**WORK INSTRUCTIONS**
From the material below, retype exactly the lines that begin at the line with "Weit geschnittener warmer" and end after the line with "Fussball, Bezirksliga Ost, SG"; pictures stay out of the copy.

**RECORDS FOR THIS TASK**
---------------

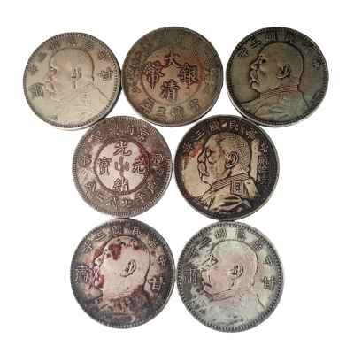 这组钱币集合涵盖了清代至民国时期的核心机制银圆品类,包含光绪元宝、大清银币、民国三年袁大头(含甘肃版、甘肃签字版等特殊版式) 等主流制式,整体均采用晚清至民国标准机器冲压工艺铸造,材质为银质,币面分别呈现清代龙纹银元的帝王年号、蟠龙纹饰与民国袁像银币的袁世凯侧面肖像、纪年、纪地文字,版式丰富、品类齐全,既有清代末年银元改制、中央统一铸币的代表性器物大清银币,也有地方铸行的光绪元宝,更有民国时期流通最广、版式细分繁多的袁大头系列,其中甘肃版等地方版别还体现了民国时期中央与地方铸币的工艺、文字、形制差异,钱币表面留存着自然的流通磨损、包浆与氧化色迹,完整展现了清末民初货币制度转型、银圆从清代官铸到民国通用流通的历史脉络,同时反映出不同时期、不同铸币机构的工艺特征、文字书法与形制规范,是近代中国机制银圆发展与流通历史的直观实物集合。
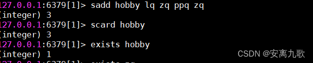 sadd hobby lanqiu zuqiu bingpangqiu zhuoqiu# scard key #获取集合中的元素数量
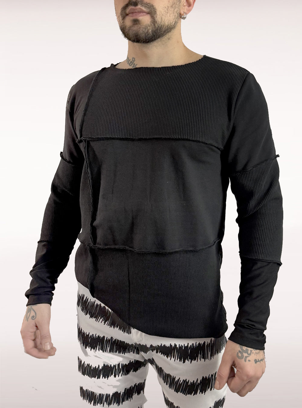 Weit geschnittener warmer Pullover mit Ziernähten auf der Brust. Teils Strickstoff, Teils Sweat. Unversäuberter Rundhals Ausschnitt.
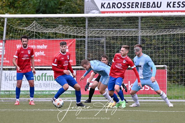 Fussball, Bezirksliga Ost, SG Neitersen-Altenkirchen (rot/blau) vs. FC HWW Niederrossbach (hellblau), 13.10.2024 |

---------------

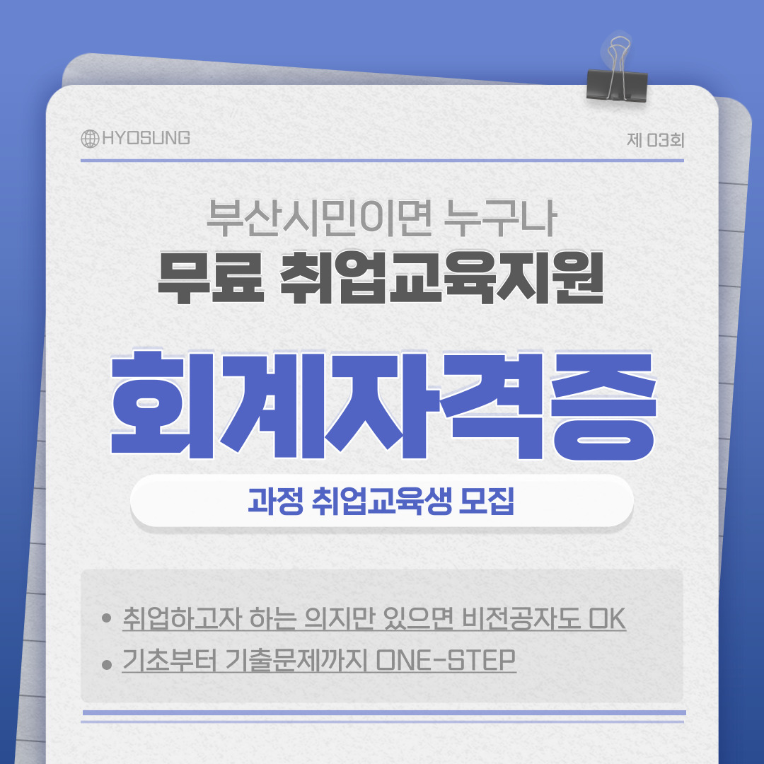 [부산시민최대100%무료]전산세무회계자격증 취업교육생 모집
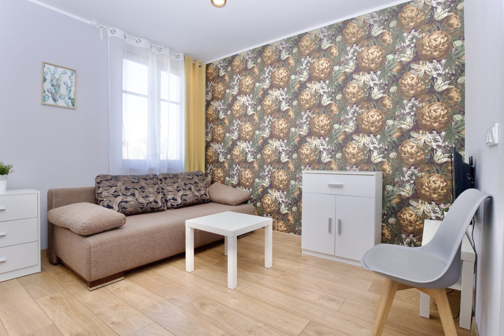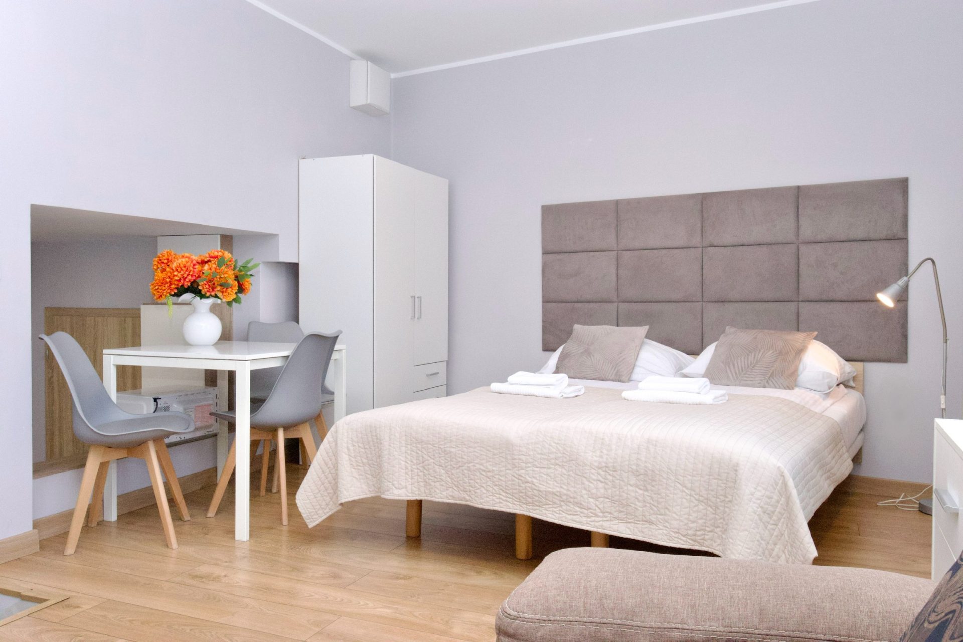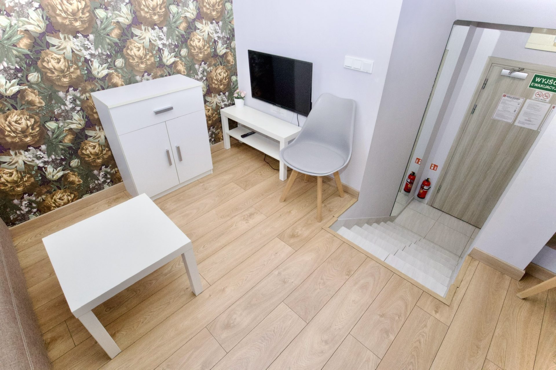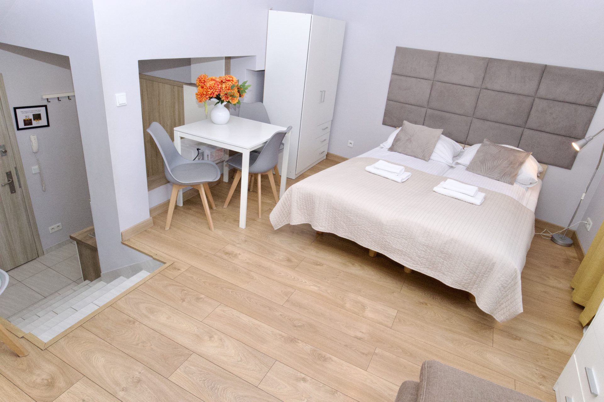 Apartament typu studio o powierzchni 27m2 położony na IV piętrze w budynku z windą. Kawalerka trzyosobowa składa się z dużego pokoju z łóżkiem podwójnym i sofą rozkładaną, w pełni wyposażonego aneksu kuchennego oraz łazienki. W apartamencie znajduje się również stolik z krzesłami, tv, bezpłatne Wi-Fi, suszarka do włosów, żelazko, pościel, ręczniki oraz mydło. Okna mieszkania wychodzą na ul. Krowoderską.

---------------

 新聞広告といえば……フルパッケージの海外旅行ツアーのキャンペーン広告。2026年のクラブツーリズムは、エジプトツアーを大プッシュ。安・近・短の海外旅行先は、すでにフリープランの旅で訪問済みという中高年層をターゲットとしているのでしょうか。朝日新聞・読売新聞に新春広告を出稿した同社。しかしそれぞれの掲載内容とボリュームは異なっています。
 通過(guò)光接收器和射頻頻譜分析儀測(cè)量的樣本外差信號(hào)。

---------------

**SOLUTION TO THIS TASK**
 Weit geschnittener warmer Pullover mit Ziernähten auf der Brust. Teils Strickstoff, Teils Sweat. Unversäuberter Rundhals Ausschnitt.
 Fussball, Bezirksliga Ost, SG Neitersen-Altenkirchen (rot/blau) vs. FC HWW Niederrossbach (hellblau), 13.10.2024 |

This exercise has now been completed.